You can comment out the "download()" statement in the client configuration if you are not interested in downloading updates to the document.

If the OpenApi document comes from another medium (or requires credentials), you can manually place it in the src/openapi folder with the expected name.

generateClientNNN generates the client code from the OpenApi document.

The OpenApi document is expected to be found at src/openapi/NAME.yaml. The configuration at src/openapi/NAME.properties.

The task will delete anything under src/main/java-jaxrs/NAME and create new sources into this folder.

If you use transientSource() the folder will be build/java-jaxrs/NAME instead.

General Configuration

The jaxrs plugin extension allows a few global configuration entries.

Note in particular that the GAV of the generator is something you need to update to get the latest generator version.
The use of a generator GAV allows the Gradle plugin to go without too many changes over time (that is the hope/plan, anyway).

jaxrs {
    // Specify the generator implementation GAV
    generatorGAV = "dk.mada.jaxrs:openapi-jaxrs-client:0.10.3"

    // Optionally override the folder where OpenApi documents are stored
    //openApiDocDirectory = file("src/openapi")

    // Optionally override the output folder for transient source code
    //buildOutputDirectory = file("build/java-jaxrs")

    // Optionally override the output folder for source code checked into version control
    //srcOutputDirectory = file("src/main/java-jaxrs")

    // The individual client is configured in this section, see below    
    clients {
      ...
    }
}

Client Configurations

Each OpenApi document you want to generate code from get its own entry in the clients section.

The section name is used to generate names for files and Gradle tasks.

jaxrs {
  ...
  clients {
    endpointA {
        // Tasks created:
        //  downloadDocumentEndpointa (when download() is active)
        //  generateClientEndpointa

        // An (optional) URL from where the OpenApi document can be downloaded.
        // When commented out (like below) the `downloadDocumentEndpointa` task will be disabled
        //download("https://raw.githubusercontent.com/OAI/OpenAPI-Specification/main/examples/v3.0/petstore.json")

        // Optional control of the OpenApi document extension.
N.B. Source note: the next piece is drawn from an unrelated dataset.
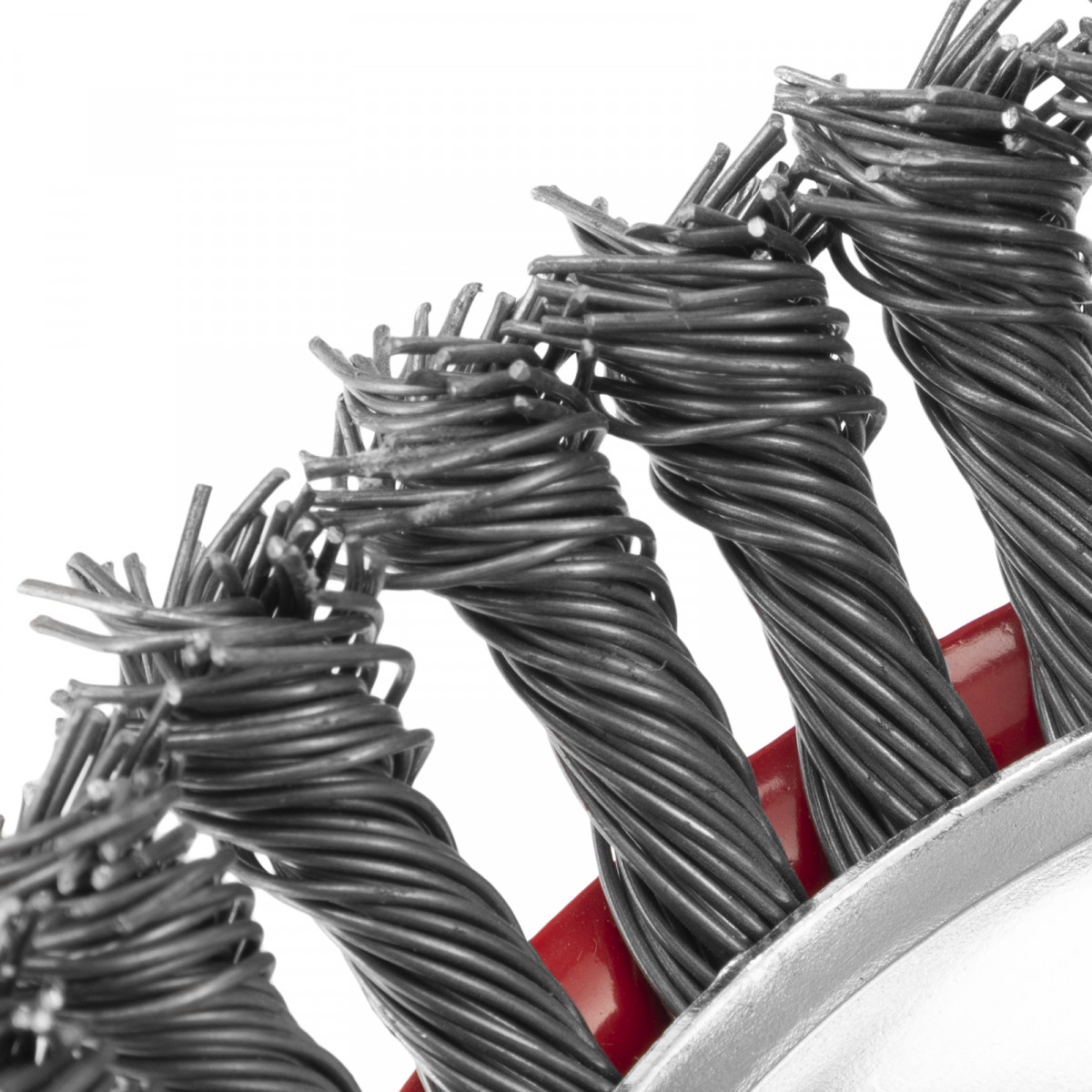 Щетка Matrix «Чашка» 74625 диаметром 125 мм, с присоединительной резьбой М14, с щетиной из крученой проволоки диаметром 0,8 мм, устанавливается на УШМ, поддерживающую работу со скоростью 6500 об/мин. Щетина предназначена для грубой (черновой) обработки поверхностей, более агрессивной по сравнению с щетиной 0,5 мм. Изделие подходит для удаления загрязнений, снятия толстого слоя ржавчины, ЛКМ, зачистки сварных швов.

Defaults to ".yaml".
        // The download task and generator does not really care.
        // But your IDE (and your sanity) may prefer the extension to match the document type.
        //documentExtension = ".json"

        // Optionally generate the code to the buildOutputDirectory instead of the
        // srcOutputDirectory.
        // This also makes the generator task a dependency for `compileJava` so the
        // code is always generated before it is needed for compilation.
        //transientSource()
    }

    // If your document name is not a valid identifier, you can quote it like this:
    'endpoint-b' {
       ...
    }

    // etc...
}

What is source? What is checked into version control?
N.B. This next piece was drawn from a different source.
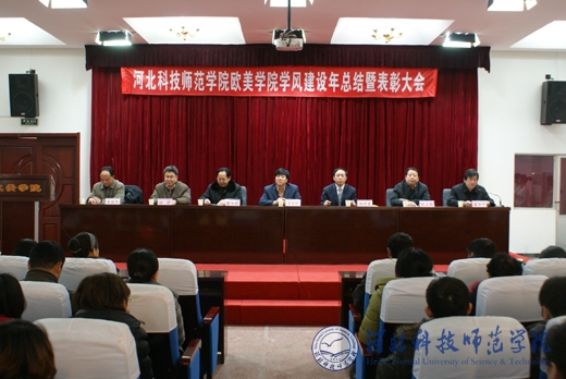 会上, 欧美学院党委副书记、副院长张俊华作《学风建设年总结报告》。教育长张小军宣读了《欧美学院2010年度学风建设年表彰决定》。先进教师代表胡阳、十佳标兵代表许晓杰分别汇报了在学风建设年活动中的先进经验和心得体会。欧美学院党委书记杨洪青就进一步巩固学风建设成果,建立长效机制提出几点意见:一是学风建设是学院建设的根本,必须常抓不懈;二是教风建设是学风建设的基础,必须一抓到底;三是政工队伍是学风建设的骨干,必须加强建设;四是班级建设是学风建设的主体,必须高度重视。

There are (at least) two ways to think about the OpenApi document and the source code generated from it.

I call them pure and pragmatic - mostly to be able to tell them apart.

I prefer (and advice) use of the pragmatic approach, but can see the validity of the pure approach.
Please do not read too much into the names; you are most welcome to use whatever suits you best :)

Pure

The OpenApi document is the source for the generated client java code.
So the generated code is not "source", and should not be checked into
version control.

If you use the transientSource() method in the client configuration, the code is generated before each Gradle compilation.
And the code is generated below build/java-jaxrs, so it does not risk ending up in version control.

You have to invoke the generator task, so the source code is available to your IDE.

Pragmatic

Both OpenApi document and generated client java code is checked into
version control.

When there are changes to the OpenApi document and/or the generator, you invoke the generate task.
And can then review the differences, so you know what changed at both levels.

If you have to find a problem using a stack trace, you will have the code for reference in version control.